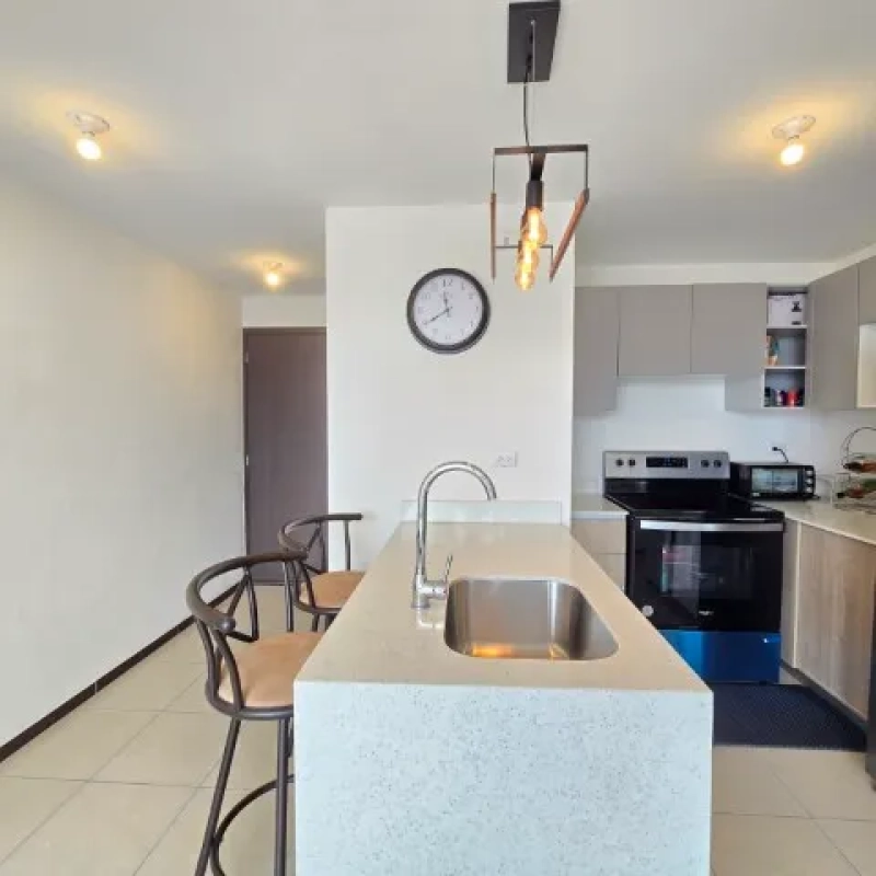 Gabinetes y top de cuarzo en la cocina, closet en las habitaciones, uno de los baños es privado para la habitación principal. Excelente iluminación y ventilación natural. Se renta con linea blanca.
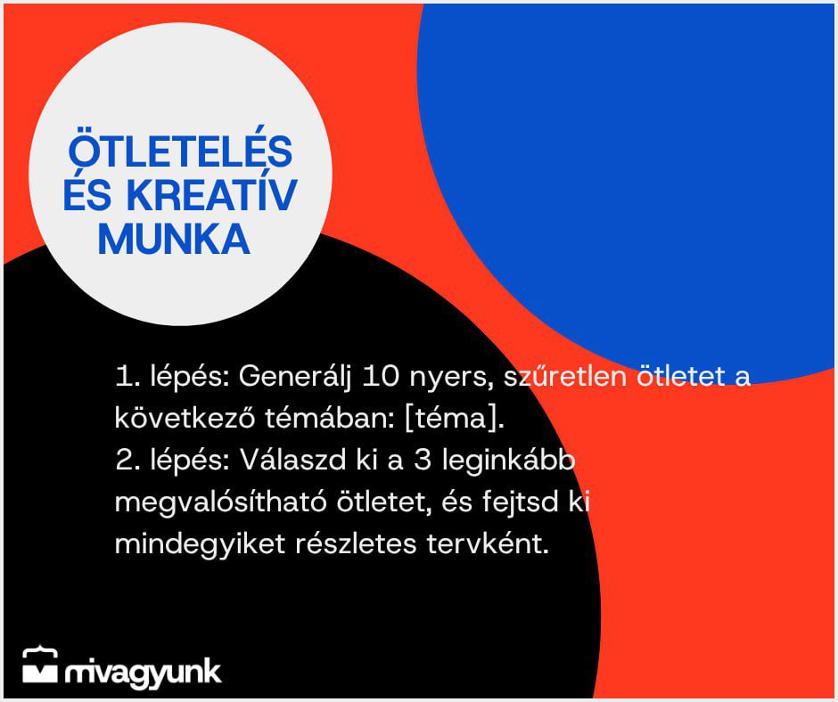 Az ötletelés akkor a leghatékonyabb, ha előbb sok nyers ötletet gyűjtesz (divergens), majd a legjobbakat kidolgozod (konvergens gondolkodás).
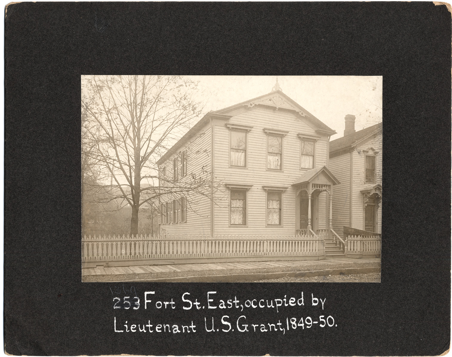 Clapboard house behind picket fence, viewed at an angle from street. Trees in front of house and other houses visible. Handwritten on mat front: "253 Fort St. East, occupied by Lieutenant U.S. Grant, 1849-50." Printed on mat back: "J.T. Kerr, photographer, Howlett P.O., Wayne Co., Mich., phone: Grand 18-3r."
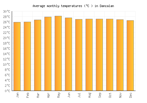 The bar chart below shows the average monthly peak daytime temperatures at Dancalan
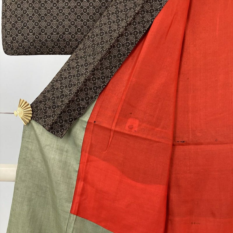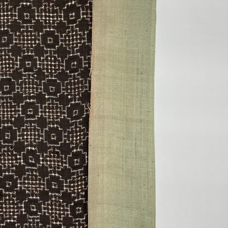 幾何学柄が織りなす、ヴィンテージの茶色い紬です。
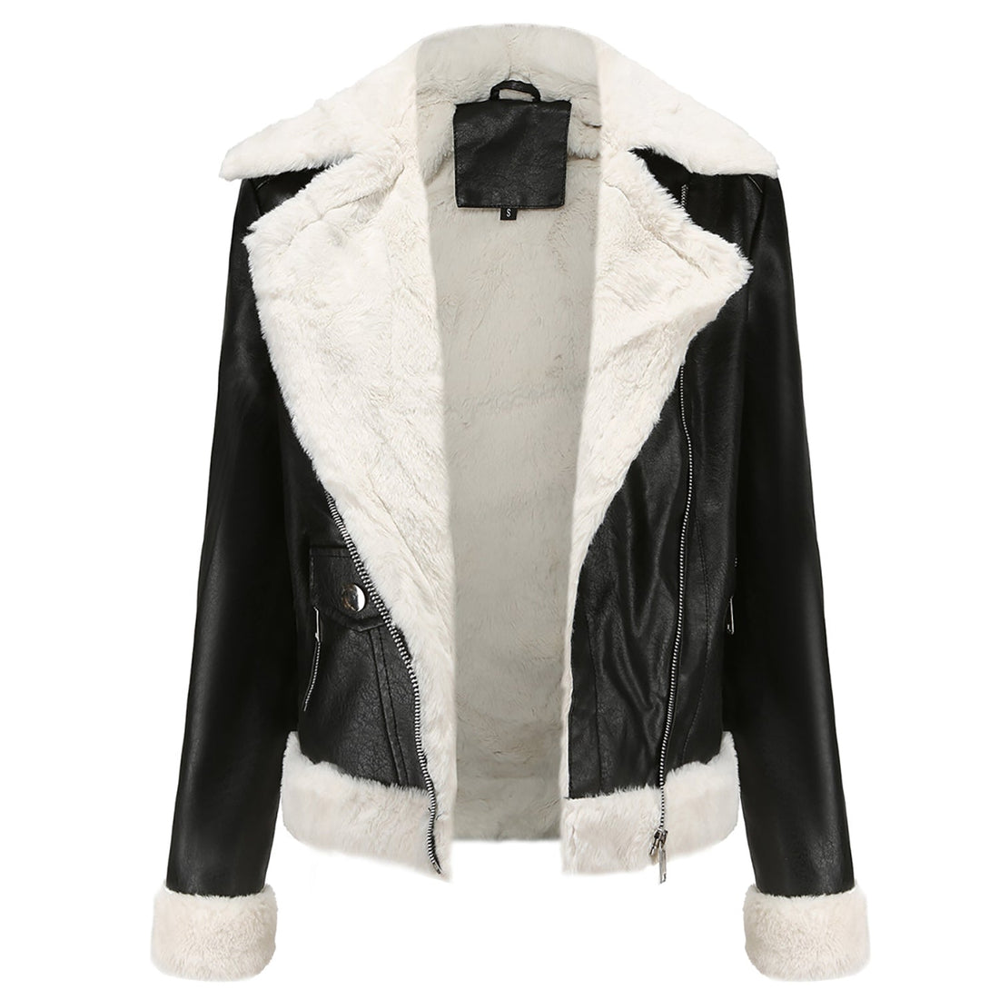 Women’s Black Genuine Suede Sherpa Shearling Faux Fur Lined High Street Moto Biker Winter Warn Thick Loose Leather Jacket
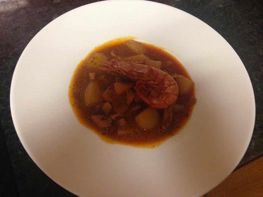 Añadiremos el calamar limpio y cortado, las gambas, las patatas y el caldo de pescado.
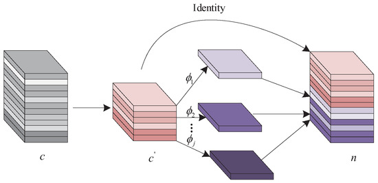 where n is the number of channels of the final output feature. Feature information and intrinsic features are connected together to output the final feature information. The operation flow of the ghost module is shown in Figure 2.
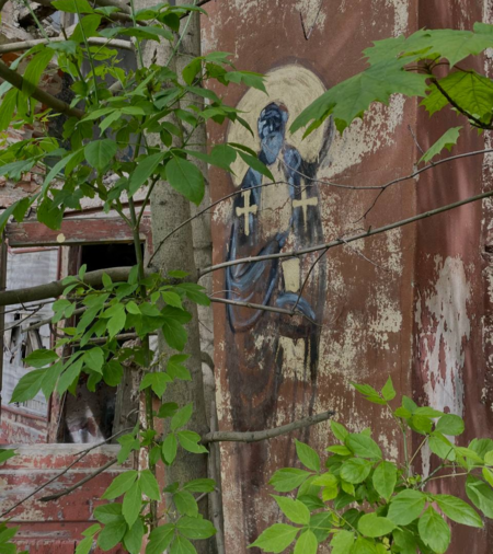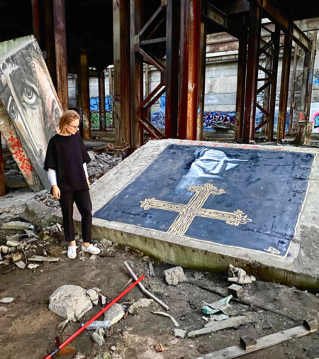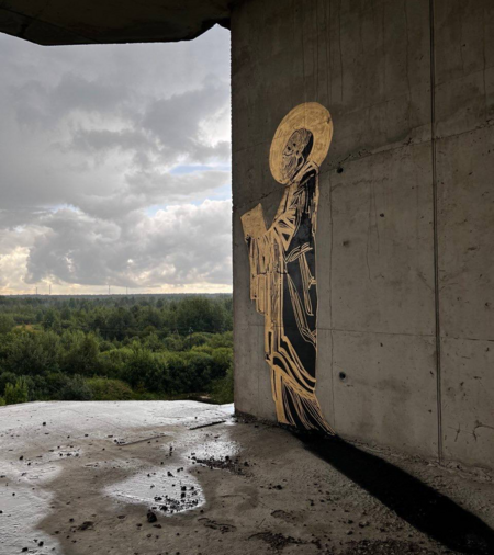 Так, например, в одной из руин художник поместила триптих с центральным образом богоматери на три рядом стоящих железных пластины.
================
Transcribe, from the material above, the stretch starting at the line with "Clapboard house behind" and ending at the line with "Women’s Black Genuine", both included, exactly. Do not carry over pictures.

 Clapboard house behind picket fence, viewed at an angle from street. Trees in front of house and other houses visible. Handwritten on mat front: "253 Fort St. East, occupied by Lieutenant U.S. Grant, 1849-50." Printed on mat back: "J.T. Kerr, photographer, Howlett P.O., Wayne Co., Mich., phone: Grand 18-3r."
 The bar chart below shows the average monthly peak daytime temperatures at Dancalan
 幾何学柄が織りなす、ヴィンテージの茶色い紬です。
 Women’s Black Genuine Suede Sherpa Shearling Faux Fur Lined High Street Moto Biker Winter Warn Thick Loose Leather Jacket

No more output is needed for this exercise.